Aman’s, where we have been doing most of our pandemic shopping, gets their apples from nearby Williamson. We’ve been stuck on Honeycrisp for years. I’m announcing a shift of allegiance. We have switched to Snap Dragons. Meatier, crisper. They make you feel alive.
2020 has been a bountiful year for collecting wood. So much so that when offered oak from a tree our neighbors had trimmed we politely refused. Upper 30s, lower 40s is perfect weather for splitting wood. The temperature is headed up near 50 tomorrow so we’ll take a break and go for a long walk.
Even with an hydraulic wood splitter it is back breaking work. As they say, the wood warms you three times. When you move it, when you split it and when you burn it. My favorite part is stacking, building corners and balancing one piece on top of another so the whole stack stays standing. It’s like a giant art project, a bit like performance art.
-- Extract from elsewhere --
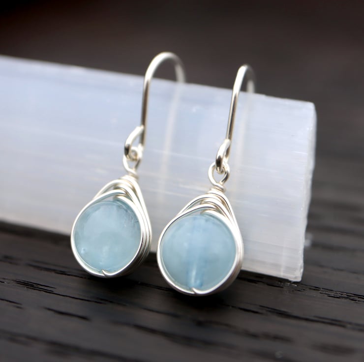 Blue Aquamarine gemstone drop earrings, wire wrapped with sterling silver wire.
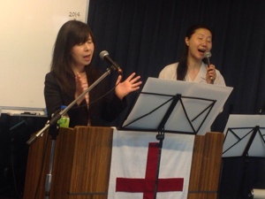 会衆賛美中の萱野牧師、ミッションスタッフの小代さんがOHPをしています。

Maybe a month ago Frank De Blase told us he was doing a piece for City newspaper on bands of yesterday and he sent sent us a few questions. ” “When was the Hi-Techs/Personal effects formed?” “What do you remember about your first gig” etc. Of course there is no City newspaper anymore. Not since Covid and all the restaurants and bars where people picked up the weekly have closed. But there is a website. And then last week Spevak sent some similar questions. I guess he’s doing a piece for WXXI. (Didn’t XXI buy City?) “How do you explain going from the New Wave of Personal Effects to the ambient jazz of Margaret Explosion? When you close your eyes while listening to Margaret Explosion, what do you see? What’s the most unusual gig Margaret Explosion has played? We’ll see if this one materializes.